The justices admitted that the new case acceptance policy will extend the process for litigants; frivolous appeals will not be summarily disposed of as they were before, they said, and a case cannot be heard until its transcript is prepared. Fox said that the court is considering a process by which after an appellant's brief is filed, the opposition will have a chance to file a motion to dismiss in lieu of a brief "if the appeal doesn't hold water." Justice Nadeau also pointed out that the costs of preparing the transcript and bringing an appeal may discourage frivolous appeals.

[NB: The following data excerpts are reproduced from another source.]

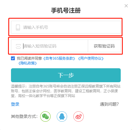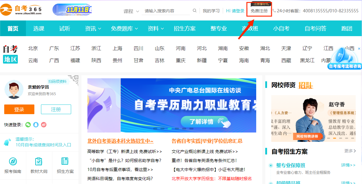 1进入自考365网校网站首页,在左上部点击注册按钮,进入注册页面。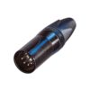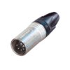 5 pole male cable connector with black metal housing and gold contacts.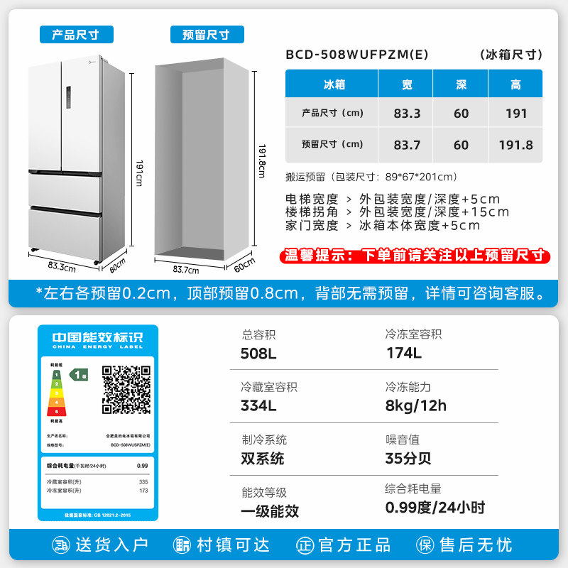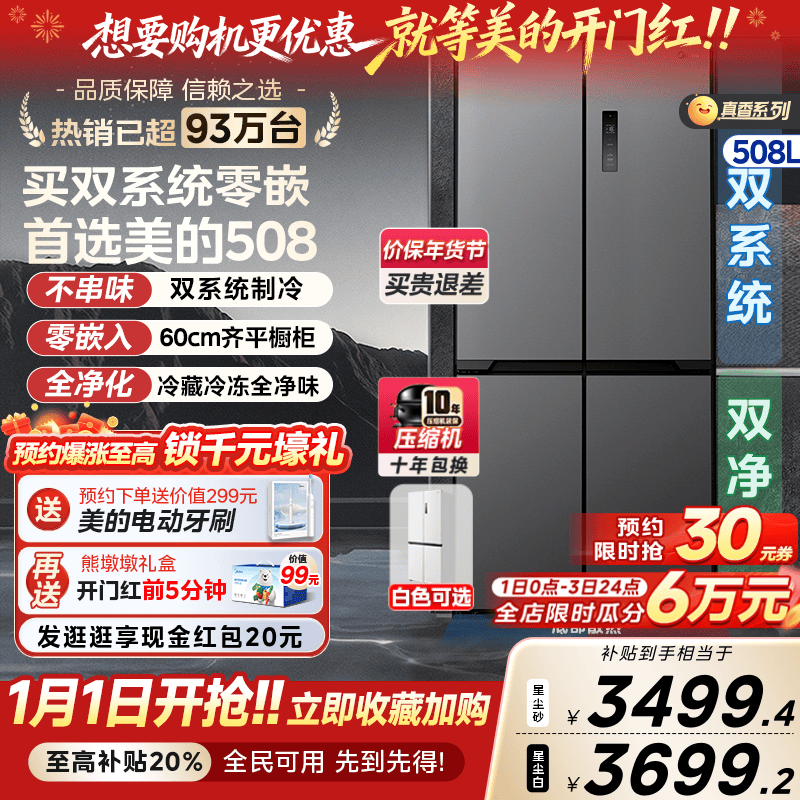 美的508双系统超薄零嵌入式冰箱家用大容量双开十字四门多门无霜

But that cost may also be prohibitive for pro se litigants wanting to file appeals. According to Duggan, in 2002, the court received 225 pro se notices of appeal. There is some concern that transcript fees may prevent pro se litigants from enjoying equal access to the appeals process.

The justices said that the new process may not be perfect, but will serve the greater good of making the appeals process generally more open and accessible.

Fox and the justices said that because the new case acceptance process will double their workload, the court will have to be stricter with deadlines and continuances and will likely limit the number of pages for briefs. Also to streamline the process, oral arguments will be placed on one of three tracks - hearing by the full court or by a three-judge panel or consideration solely of the briefs.

"The down side is that we won't be as user-friendly because of the greater volume of work, but the court is very excited about this change," said Broderick.

In addition to the new appeals process, the Supreme Court panel also briefly discussed a proposal to restructure the Professional Conduct Committee; new rules allowing for admission by motion and requiring attorneys to disclose a lack of a minimum amount of malpractice insurance; and tips for effective appellate advocacy.

Video and audio tapes of the Supreme Court Forum CLE are available through the NHBA CLE Department.